Writer, director, cinematographer, editor, producer (lets gloss over his actor credits); since Sex Lies and Videotape was released in 1989 Steven Soderbergh has been making interesting films that are quietly celebrated. I say quietly because for some reason Soderbergh never seems to feature in people’s favourite lists in the way that say Scott, Tarantino, Coppola or Scorsese do. Perhaps his ability to straddle indie, art-house and commercial has something to do with it? Perhaps it is his constant switching between genres? (Some more successfully than others.) And yet between 1998 and 2002 with Out of Sight, The Limey, Traffic, Erin Brokovich, Ocean’s Eleven and Solaris I believe he had a run of perfect films – and even if you disagree with me in regards to their perfection you may be able to agree that it was a bloody good run of films that spanned genre’s as diverse as revenge thriller, drug trafficking drama, true life biopic, Heist and sci-fi.
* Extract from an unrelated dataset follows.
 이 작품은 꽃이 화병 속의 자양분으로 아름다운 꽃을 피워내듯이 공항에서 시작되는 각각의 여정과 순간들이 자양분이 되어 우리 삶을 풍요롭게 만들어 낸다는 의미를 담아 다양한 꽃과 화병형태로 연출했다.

We at Mostly Film believe it is time to shout a little about Soderbergh. Later this year he returns to cinema screens with Logan Lucky, after a partially self-imposed break/retirement/sabbatical since 2013 when he made “Behind the Candelabra” as a TV movie (he claims studio’s wouldn’t stump up the budget because it was too gay), aside, that is, from his work on TV series ‘The Knick’. From the trailer Logan Lucky looks like an early Cohen Brother’s comedy and reunites the Director with Channing Tatum, who starred in his last commercial success Magic Mike. Sadly we haven’t seen it yet, so we thought we would look back and pick out 5 Soderbergh movies that we think are worthy of your viewing time and encourage you all to watch or rewatch his films and celebrate one of the more understated talents working in film and TV today.
Sex lies and videotape (1989): Writer, Director, Editor
by theTramp
Sex Lies and Videotape (SLVT) was Soderbergh’s first film released in 1989. I was 13 at the time and have no memory of the impact that it had on release, but as it won a Palme d’Or at Cannes it was clearly more impactful than the low budget relationship drama ever expected it might be. By the time I saw it, in my late teens at university, it was teetering on the edge of cult (which I would argue is where it remains), a rare beast, the romantic film that men and women watched; well men and women who liked art house cinema.
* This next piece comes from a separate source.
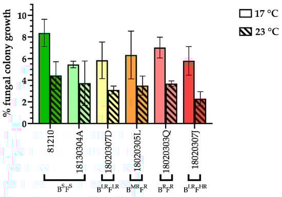 Percentage of fungal colony growth, starting from a single spore and covering the surface of a zucchini cotyledon. P. xanthii isolates with different SDHI phenotypes (sensitive (S) and low resistance (LR), moderate resistance (MR), resistant (R) and high resistance (HR) to boscalid (B) or fluopyram (F)) were incubated at 17 °C and 23 °C for 15 and 30 days, respectively.

SLVT had a profound effect on me. After years of being fed films where the women had little more to do than define the men around them, and in the romantic films of the time (mid 90s) the women were almost always unreal and regardless of age defined by their need for romance; without a man they were nothing. I won’t claim to not enjoying those films, I did and I do, but they were never more than fairy tales and SLVT was anything but.
IMDB describes SLVT as being about a “sexually repressed woman whose husband is having an affair with her sister. The arrival of a stranger with a rather unusual fetish changes everything.” Perhaps, but the only characters who are sexually dysfunctional in this film are the men; and that is one of the reasons that it is and was so refreshing. The two males in the film – James Spader as Graham Dalton and Peter Gallagher as John Mullany – are defined by sex; John through his desire to always have it and Graham through his apparently inability to and both by their constant obsession with it. Both men spend most of their time in the film discussing sex (indeed even the male therapist wishes to speak about sex).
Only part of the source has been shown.